# Goal of the exercise:
Retype the lines below exactly, but only those from the line that has "Dráha je barevná" through the line that has "Portoncino d’ingresso, scala". Omit every picture.

(Input data)

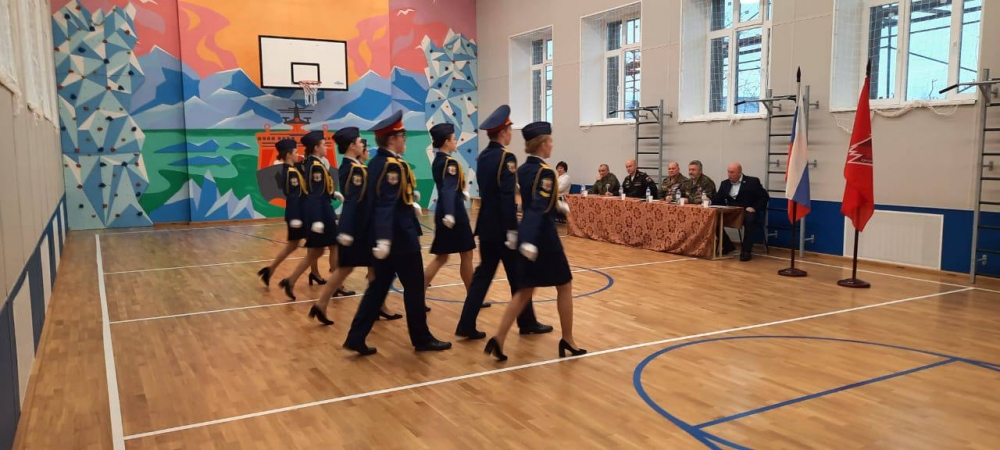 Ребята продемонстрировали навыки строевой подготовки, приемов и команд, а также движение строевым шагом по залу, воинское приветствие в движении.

(End Input data)
(Input data)

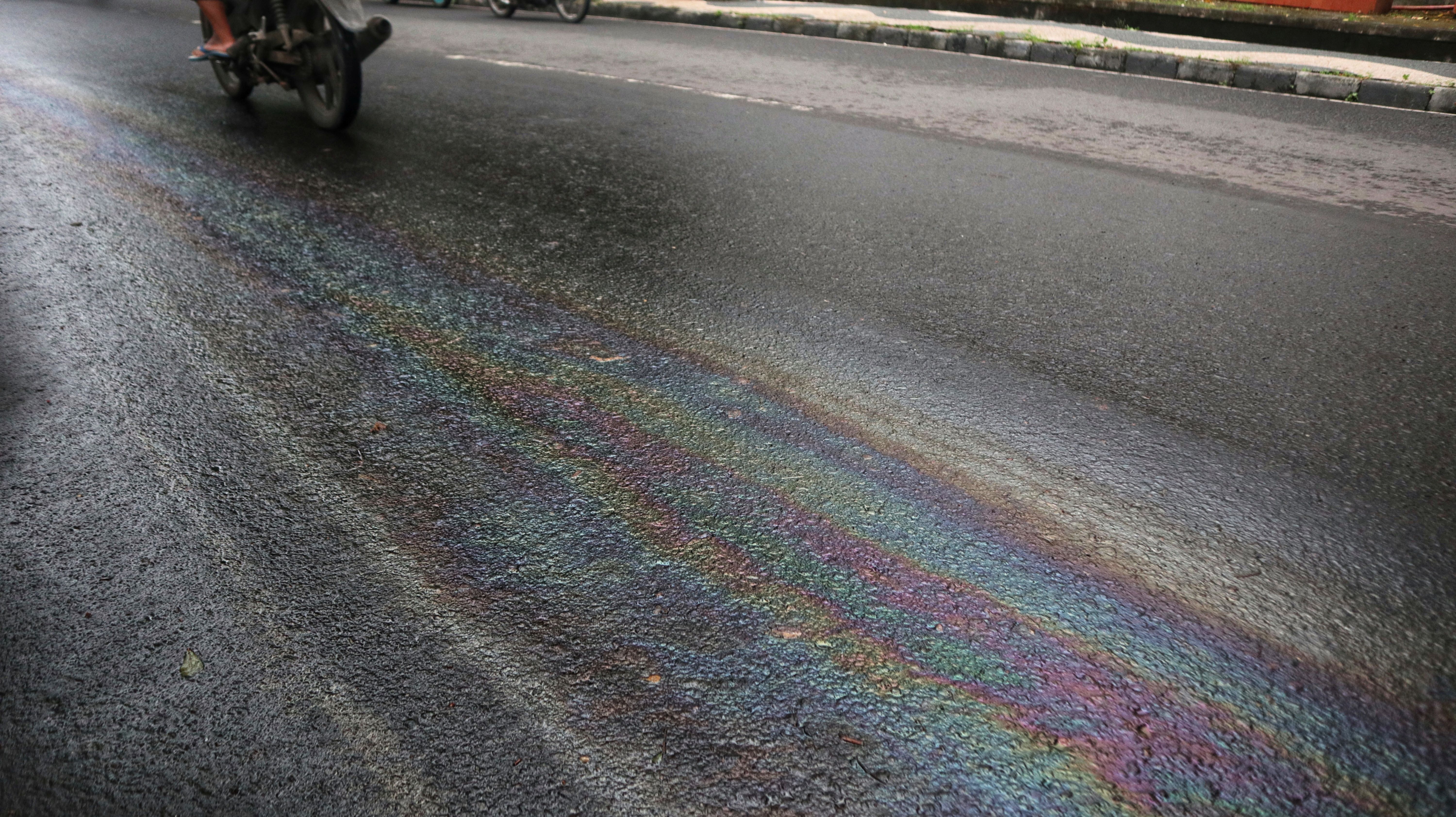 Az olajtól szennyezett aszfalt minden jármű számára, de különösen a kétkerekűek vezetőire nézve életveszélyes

(End Input data)
(Input data)

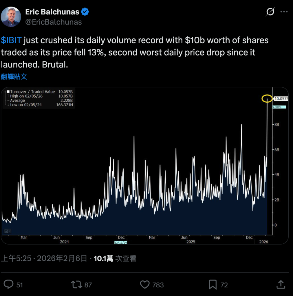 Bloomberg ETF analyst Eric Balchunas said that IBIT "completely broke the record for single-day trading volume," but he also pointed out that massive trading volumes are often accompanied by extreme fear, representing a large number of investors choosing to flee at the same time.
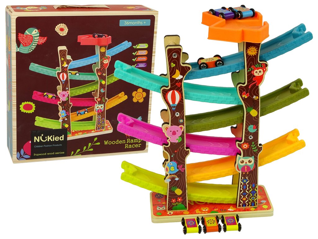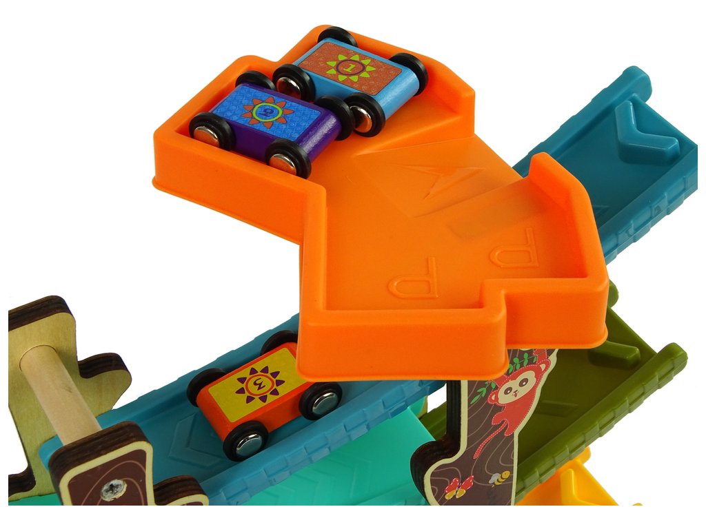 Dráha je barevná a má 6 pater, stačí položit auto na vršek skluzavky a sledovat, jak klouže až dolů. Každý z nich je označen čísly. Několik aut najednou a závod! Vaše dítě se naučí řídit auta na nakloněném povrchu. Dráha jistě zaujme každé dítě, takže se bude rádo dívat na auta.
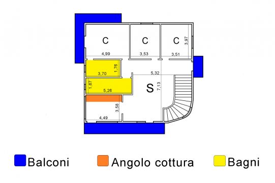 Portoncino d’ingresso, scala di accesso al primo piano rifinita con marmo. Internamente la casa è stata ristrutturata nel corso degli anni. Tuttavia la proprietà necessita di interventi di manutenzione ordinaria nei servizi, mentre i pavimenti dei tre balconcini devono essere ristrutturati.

(End Input data)

# Task result:
 Dráha je barevná a má 6 pater, stačí položit auto na vršek skluzavky a sledovat, jak klouže až dolů. Každý z nich je označen čísly. Několik aut najednou a závod! Vaše dítě se naučí řídit auta na nakloněném povrchu. Dráha jistě zaujme každé dítě, takže se bude rádo dívat na auta.
 Portoncino d’ingresso, scala di accesso al primo piano rifinita con marmo. Internamente la casa è stata ristrutturata nel corso degli anni. Tuttavia la proprietà necessita di interventi di manutenzione ordinaria nei servizi, mentre i pavimenti dei tre balconcini devono essere ristrutturati.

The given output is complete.